Green, cylindrical vegetables anyone?
@Scardey - I've read that phrase before, and recall it appeared after that strange Huffington Post spat below the line between Avacta and the DHSC; shortly after Al sent out his "contrived samples" RNS.
I mentioned this before, but Mologic are so frustrated with the government, at one point there was talk of an open letter being published to them...
We know Al has thrown some shade at the "contrived samples" used at Porton Down in previous RNS's, and that both Mologic and Avacta have failed futility testing at Porton Down, yet achieved high performance results in clinical trials.
So it's interesting to note in the contract for LFT validation services that it states:
"Importantly FDA states the following (in its guidance for the evaluation of antigen Assays)4:
Use of natural Clinical Samples is needed for the clinical evaluation. You should not use
Contrived Clinical Specimens as FDA believes they are inadequate to support the clinical
performance of a Test Product of this type."
Looks to me like a tacit admission the Porton Down validation process is flawed...
https://health-family-contract-search.secure.force.com/servlet/servlet.FileDownload?retURL=%2Fapex%2FProSpend__CS_ContractPage&file=00P4J00000HBRuCUAX
You'd almost think they have an agenda or something
She's having a little wobble while Julie looks for her stamp, but I reckon she'll push back up this afternoon.
The price is sat on the trend line and seems to be bouncing off the 20 day Moving Average; the 50 day MA is just below that which I imagine will provide further support.
The dip is lower than those immediately after the CE mark was submitted, yet we're much closer to news - I think you'd have to be brave to sell at this point and I doubt many more will...
We'll find out whether I eat humble pie at 4.30!
Further to yesterday Wyndrum, when you put it like that, I find the argument more convincing.
I still think they're just being slow though - the CE file was only submitted seven days ago which isn't very long; clearly there's no urgency on their part but I wouldn't think it's been especially 'delayed' (yet)
Myles McNulty...
https://twitter.com/MylesMcNulty/status/1394675863053086726?s=20
^Apologies for the various typos!
Wyndrum - I think if they were trying to run down the Innova stockpiles it would delay a contract, but not the MHRA approval. If they wanted to replace Innova with Avacta, but run down stockpiles first, surely they would just delay distribution in any case?
MHRA is a civil service organisation that runs independently of the government; were it proved they were deliberately delaying approval I imagine it could have legal consequences for them, as Avacta would be pretty angry.
Having lived with a Civil Servant - and watched the catastrophic mishandling of the pandemic over the last 12 months - I would suggest that incompetence or general bureaucratic ossification is a more likely course of delay than conspiracy.
Equally, it's only been a few working days since the submission of the CE file, so personally I wouldn't consider it delayed until next week really.
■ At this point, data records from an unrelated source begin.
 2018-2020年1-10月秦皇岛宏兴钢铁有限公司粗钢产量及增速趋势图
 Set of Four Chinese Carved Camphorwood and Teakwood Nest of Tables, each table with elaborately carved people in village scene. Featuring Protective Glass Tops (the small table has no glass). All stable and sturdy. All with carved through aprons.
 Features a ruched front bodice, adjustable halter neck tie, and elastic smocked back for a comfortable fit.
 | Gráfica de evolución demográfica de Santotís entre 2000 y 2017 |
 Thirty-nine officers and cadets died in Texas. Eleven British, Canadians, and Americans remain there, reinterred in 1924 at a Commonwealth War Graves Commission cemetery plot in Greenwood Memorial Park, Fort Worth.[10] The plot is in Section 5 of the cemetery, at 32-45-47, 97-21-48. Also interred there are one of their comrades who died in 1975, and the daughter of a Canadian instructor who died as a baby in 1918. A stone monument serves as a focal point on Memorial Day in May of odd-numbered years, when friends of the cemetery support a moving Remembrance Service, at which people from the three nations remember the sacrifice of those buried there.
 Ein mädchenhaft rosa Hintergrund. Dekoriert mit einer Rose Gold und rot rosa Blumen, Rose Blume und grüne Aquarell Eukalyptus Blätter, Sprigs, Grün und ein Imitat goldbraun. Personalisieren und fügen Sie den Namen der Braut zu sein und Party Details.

More speculatively, I could envisage them holding up approval until it's confirmed the test detects the Indian variant. Given it's clearly set to become dominant, I imagine that would be a concern. We also know from previous RNS's/Statements PHE have been assessing the test again the SA Variant - it would be strange if they did not also do this for the Indian Variant also IMHO.
We'll find out 'shortly' in any case I'm sure!
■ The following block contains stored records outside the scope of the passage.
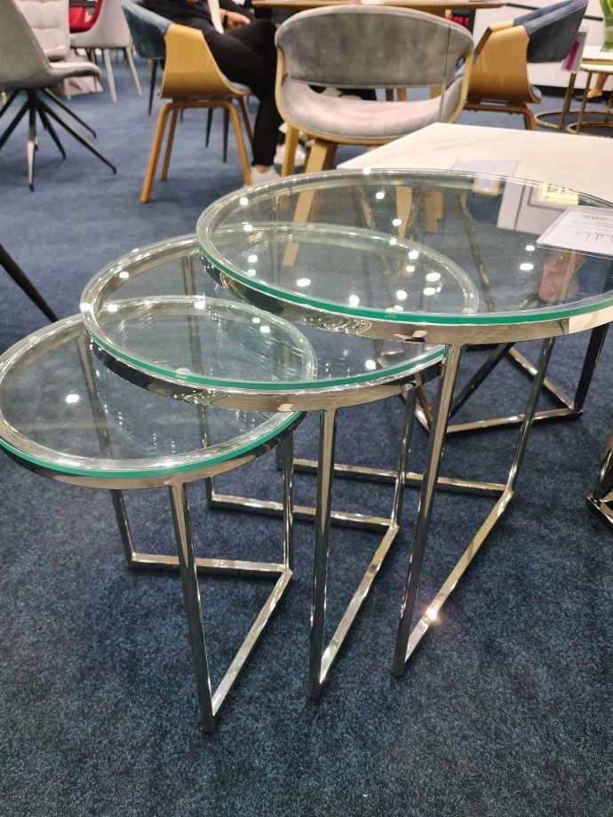 Набір Trinity складається з 3 скляних журнальних столиків в посрібленою рамі. Цей універсальний гарнітур прекрасно гармонує як з класичними, так і з сучасними інтер'єрами. Поєднання загартованого скла і металу висвітлює інтер'єр і відсилає до гламурного стилю, який так затребуваний останнім часом. У комплект входять три круглі лавки, які можна встановити в будь-якої конфігурації, в різному розташуванні. Використовувані матеріали додадуть інтер'єру класу і елегантності. Столи підійдуть для вітальні, холу готелю і залу очікування.
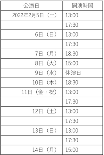 ※新型コロナウイルスの感染状況とそれに伴う政府および関係機関等の方針にともない公演の延期または中止する場合もございます。
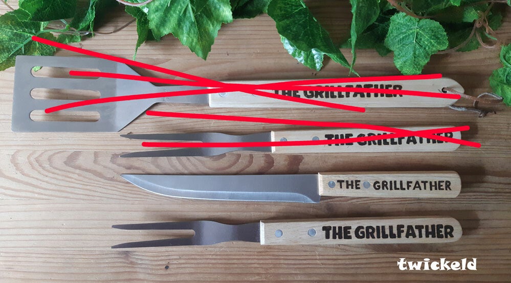 Setje BBQ mes en BBQ vork: The GrillfatherEenvoudig, maar grappig kado'tje voor een BBQ-liefhebber.Dit setje bestaat uit het mes en de vleesvorkAfmetingDe lengte is ongeveer 32cmBijzonderheden- Met de hand gehoutbrandVerzendkosten€ 3,84
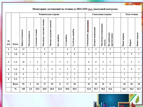 2024-2025 уч.г. наконец -то проходил в очном формате. Учебный год был активным и продуктивным во всех направлениях. После дистанционного обучения пришлось приложить много усилий, так как хромал почерк, темп чтения и письма, внимание и усидчивость детей.
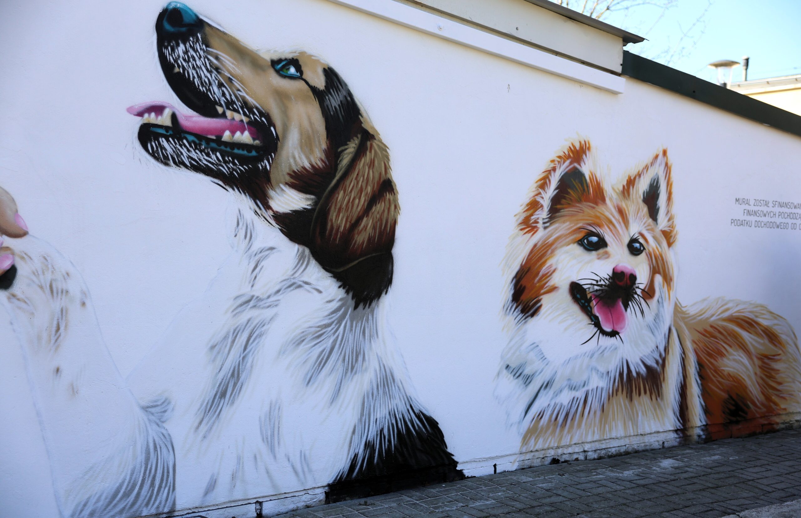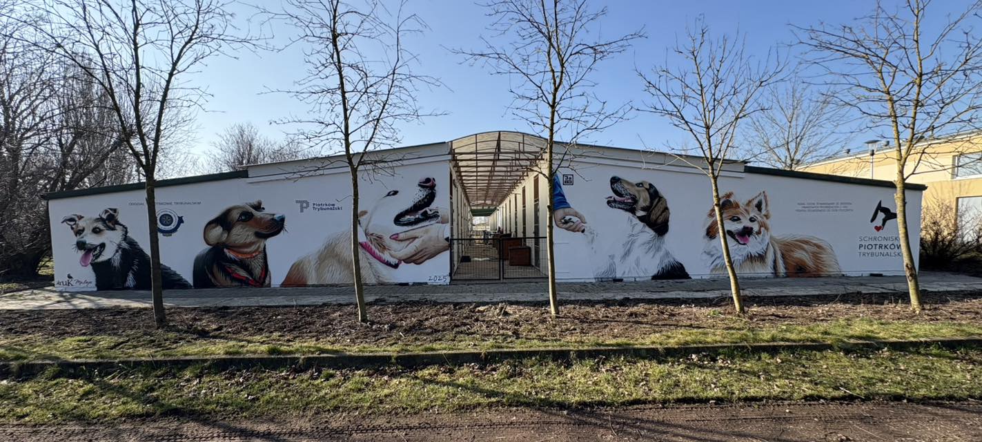 W Światowy Dzień Bezdomnych Zwierząt pracownicy piotrkowskiego schroniska odsłonili barwny mural, który ozdobił ścianę dwóch budynków. Mural powstał z ich inicjatywy, a jego realizacja była możliwa dzięki wpływom z 1,5 proc. podatku. Kolorowe dzieło sztuki stworzył Adam Wirski, pseudonim KruK Maluje.

Is this possibly related to ISO certification?
Given the information flow is presumably MHRA > Mologic > Avacta, I suspect those who think it's going to be an intraday announcement are probably right...
Open now!
I've got the same; they do it to limit volatility.
Is it possible they are aware of major news from the NOMAD? I don't know how plausible that is but perhaps someone does?
@luke - the ask shot up 7p inside a minute to 276, so presumably someone took a big chunk of shares (it's fallen back a bit since then though)
Looks like someone expects news tomorrow...?
Tony, the wait overall has been frustrating, but its completely out of his hands at this point; Mologic submitted the CE mark, the MHRA will approve it...
As soon as those sales start i'm sure your view of the captain will improve!